In five war patrols, O'Kane and Tang sank an officially recognized total of 24 Japanese ships - the second highest total for a single American submarine and the highest for a single commanding officer. This total was revised in 1980 from a review of Japanese war records corroborated by the Tang′s surviving logs and crewmembers to 31 ships totalling over 227,000 long tons (231,000 t) sunk. This established one of the Pacific War's top records for submarine achievement.[3] Several times during the war he took the Tang into the heart of a convoy and attacked ships ahead and behind while coolly steering clear of escorting combatants—counting on Tang′s relative position, speed, and low profile to keep clear of enemy escorts. He and the Tang also performed laudably on "Lifeguard Duty", which was a practice of positioning one or more submarines off an island to be attacked by planes of the Fast Carrier Task Forces to be in a nearby close-in "ditching station" in position to rescue downed pilots. Off Truk, he and the Tang rescued 22 airmen in one mission taking some interesting risks in the process which earned a Presidential Unit Citation.

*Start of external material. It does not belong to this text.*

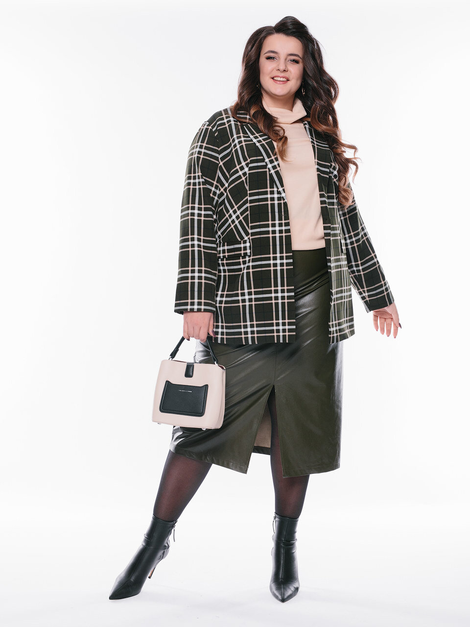 Состав: 95% полиэстер,5% эластан. Ткань: экокожа. Цвет: хаки. Посадка: средняя. Силуэт: прямой. Длина: ниже колена. Особенности модели: перед с разрезом в среднем шве. Спинка с декоративной молнией в среднем шве. Пояс притачной. Изделие без подклада. Параметры модели: ОГ112/ОТ93/ОБ130. Рост модели 178см. Размер модели 60. В даном образе используется жакет Б528-5 и водолазка Б578-2/ блуза Б014-29 и жилет Б581-3/ блуза Б014-29 и жилет Б581-6.

The Tang and O'Kane's third patrol, into the Yellow Sea, ranked first in the war patrol records for number of ships sunk in a single patrol. O'Kane claimed eight ships at the time, but post-war analysis increased this to ten ships. On one attack, he had targeted two large ships with three torpedoes each and assumed three hits in each. Japanese records actually reported two hits in each with the third of each spread hitting smaller ships in the next column. This surpassed the next highest patrol which was for the Wahoo, with O'Kane as XO, in the same area the year before.

He was captured by the Japanese when the Tang was sunk in the Formosa Strait by her own flawed torpedo (running in a circle) during a surface night attack on October 24–25, 1944. O'Kane lost all but eight members of his crew, and was secretly (i.e. illegally) held prisoner until the war's end some ten months later. Following his release, Commander O'Kane received the Medal of Honor for his "conspicuous gallantry and intrepidity" during his submarine's final operations against Japanese shipping.

In addition, to the CMOH, RADM O'Kane was awarded three Navy Crosses, and three Silver Stars.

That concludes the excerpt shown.